■ **Your goal**
Output the data below only from the line containing "アートギャッベとLDK、キッチンの正面はブロックを施す。" up to and including the line containing "2月22日には、野球部父母会", exact and with the pictures left out.

■ **Supplied entries**

/---

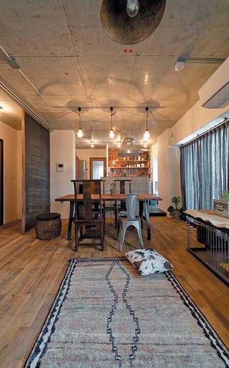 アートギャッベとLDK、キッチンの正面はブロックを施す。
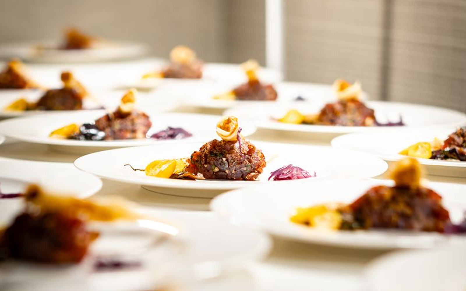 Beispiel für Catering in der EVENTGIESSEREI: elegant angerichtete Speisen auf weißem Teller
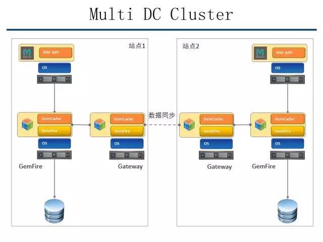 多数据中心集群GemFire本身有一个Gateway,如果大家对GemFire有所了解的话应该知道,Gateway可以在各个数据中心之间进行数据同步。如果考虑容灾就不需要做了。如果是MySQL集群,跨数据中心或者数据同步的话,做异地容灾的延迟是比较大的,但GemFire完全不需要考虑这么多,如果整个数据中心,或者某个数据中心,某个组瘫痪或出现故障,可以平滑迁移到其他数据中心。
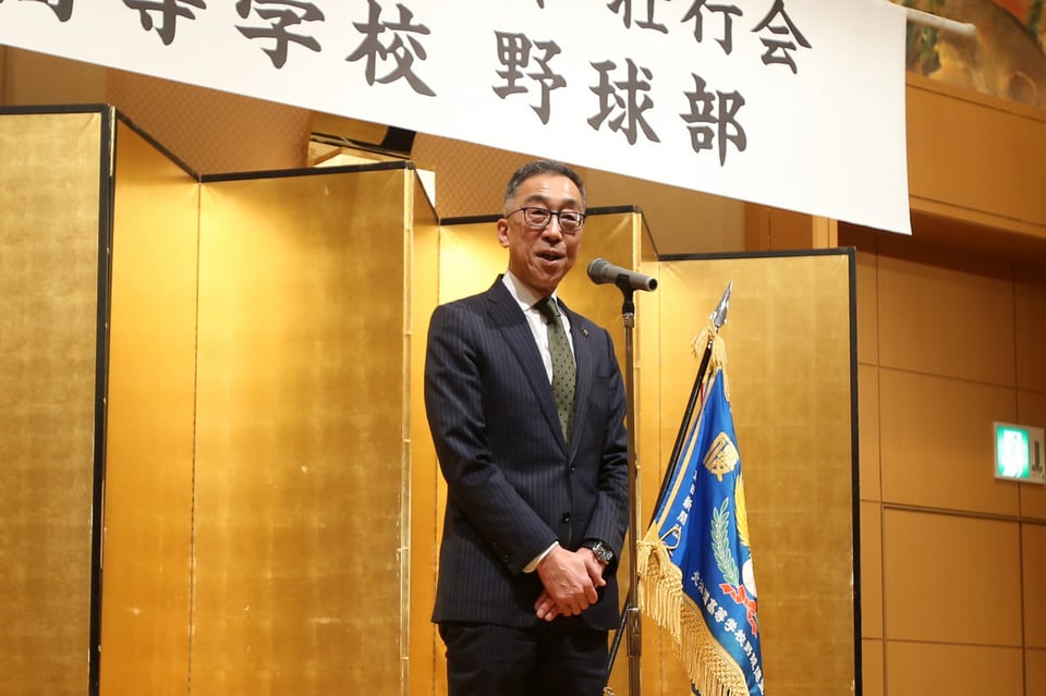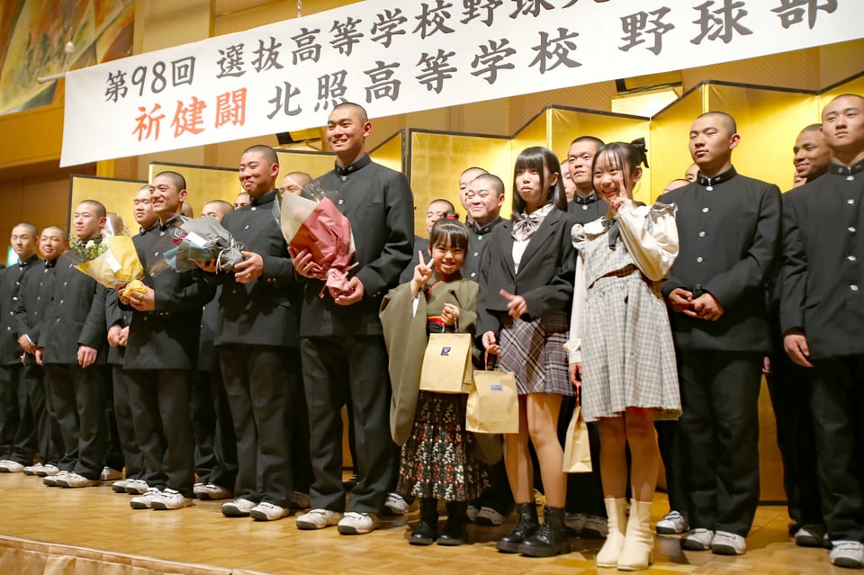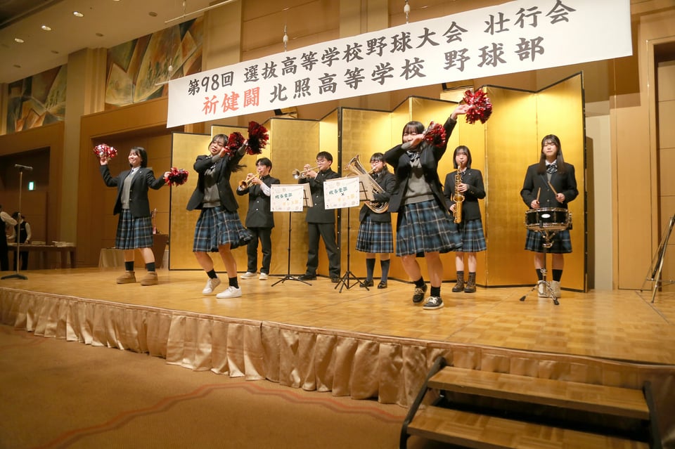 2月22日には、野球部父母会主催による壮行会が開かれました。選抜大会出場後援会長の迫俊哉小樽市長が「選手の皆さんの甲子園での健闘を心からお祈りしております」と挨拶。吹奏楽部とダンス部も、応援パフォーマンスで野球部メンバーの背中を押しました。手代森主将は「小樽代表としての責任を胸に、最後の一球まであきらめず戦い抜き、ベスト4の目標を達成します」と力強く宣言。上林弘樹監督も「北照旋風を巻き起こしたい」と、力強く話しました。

\---
/---

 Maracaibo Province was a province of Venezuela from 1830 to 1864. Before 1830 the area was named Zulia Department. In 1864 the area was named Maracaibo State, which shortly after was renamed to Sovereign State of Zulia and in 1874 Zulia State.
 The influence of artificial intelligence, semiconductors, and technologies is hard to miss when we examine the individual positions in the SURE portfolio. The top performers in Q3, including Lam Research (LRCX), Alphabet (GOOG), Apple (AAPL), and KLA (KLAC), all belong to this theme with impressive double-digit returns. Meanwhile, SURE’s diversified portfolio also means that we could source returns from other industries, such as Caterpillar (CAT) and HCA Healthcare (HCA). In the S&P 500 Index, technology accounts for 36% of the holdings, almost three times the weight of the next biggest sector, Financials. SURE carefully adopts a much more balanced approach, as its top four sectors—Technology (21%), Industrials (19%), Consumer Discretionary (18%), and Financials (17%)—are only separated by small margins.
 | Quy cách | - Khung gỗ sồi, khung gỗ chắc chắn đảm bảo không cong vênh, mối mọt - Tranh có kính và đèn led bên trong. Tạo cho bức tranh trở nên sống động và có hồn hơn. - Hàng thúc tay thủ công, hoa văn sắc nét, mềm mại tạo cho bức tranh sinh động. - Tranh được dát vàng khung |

\---

■ **Task solution**
 アートギャッベとLDK、キッチンの正面はブロックを施す。
 Beispiel für Catering in der EVENTGIESSEREI: elegant angerichtete Speisen auf weißem Teller
 多数据中心集群GemFire本身有一个Gateway,如果大家对GemFire有所了解的话应该知道,Gateway可以在各个数据中心之间进行数据同步。如果考虑容灾就不需要做了。如果是MySQL集群,跨数据中心或者数据同步的话,做异地容灾的延迟是比较大的,但GemFire完全不需要考虑这么多,如果整个数据中心,或者某个数据中心,某个组瘫痪或出现故障,可以平滑迁移到其他数据中心。
 2月22日には、野球部父母会主催による壮行会が開かれました。選抜大会出場後援会長の迫俊哉小樽市長が「選手の皆さんの甲子園での健闘を心からお祈りしております」と挨拶。吹奏楽部とダンス部も、応援パフォーマンスで野球部メンバーの背中を押しました。手代森主将は「小樽代表としての責任を胸に、最後の一球まであきらめず戦い抜き、ベスト4の目標を達成します」と力強く宣言。上林弘樹監督も「北照旋風を巻き起こしたい」と、力強く話しました。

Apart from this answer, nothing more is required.